Biofabrication is set to shake up the $100-billion business of leather goods, explained Andras Forgacs of Modern Meadow on stage at #BoFVOICES. Watch now.
By
  • Vikram Alexei Kansara

OXFORDSHIRE, United Kingdom — "Welcome to the age of biofabrication," said Andras Forgacs, the co-founder and chief executive of Modern Meadow, a venture-backed biotech start-up that has managed to "biofabricate" leather without animals, attracting the interest of major players in the global leather goods business, which is worth over $100 billion a year and produces everything from car seats to luxury handbags.

Traditional leather supply chains can be long and difficult to manage. The irregular shape of animal hides, coupled with scars and insect bites, can mean 20 to 30 percent of animal skins regularly go to waste. Unpredictable weather can also lead to price volatility. They also involve the raising and slaughtering the billions of animals whose skins feed the leather supply chain each year in a process that is inefficient, cruel and comes with huge environmental impact.

Instead, buoyed by a revolution in biotechnology, which has enabled scientists to synthesise new organisms faster and at lower cost than ever before, Modern Meadow has bio-engineered a strain of yeast that, when fed sugar, produces a fibrous structural protein called collagen, which is then purified, assembled and tanned to create a material that is biologically — and perceptibly — almost indistinguishable from animal leather.

“Human civilisation has been propelled by materials innovation,” said Forgacs, tracing the history of man’s use of materials from the Stone Age to the present.

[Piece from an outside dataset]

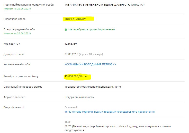 1. ТОВ "ГАЛАСТАР" – статусный капитал в 45 миллионов. Бенефициар – Насиковский.

Quoting Apple founder Steve Jobs, Forgacs added that the next phase of innovation would come from “the intersection of biology and technology,” giving rise to what Forgacs dubbed “little biological factories creating whole new world of materials that blur the distinction between what’s natural and what’s synthetic.” The implications are profound. For the fashion industry, there are tremendous potential benefits, including speed, efficiency and “a limitless design space.”

While Modern Meadow plans to make the vast majority of its revenues by supplying other businesses, it has also developed its own consumer-facing brand for its materials: Zoa. Forgas said the name underscored his belief that “biofabrication is about celebrating life.” Importantly, Modern Meadow isn’t about leather replacement alone. “We want to make what we love about leather and go beyond that,” explained Forgacs. “It will be dozens or hundreds of materials. It’s an operating system to create new materials.”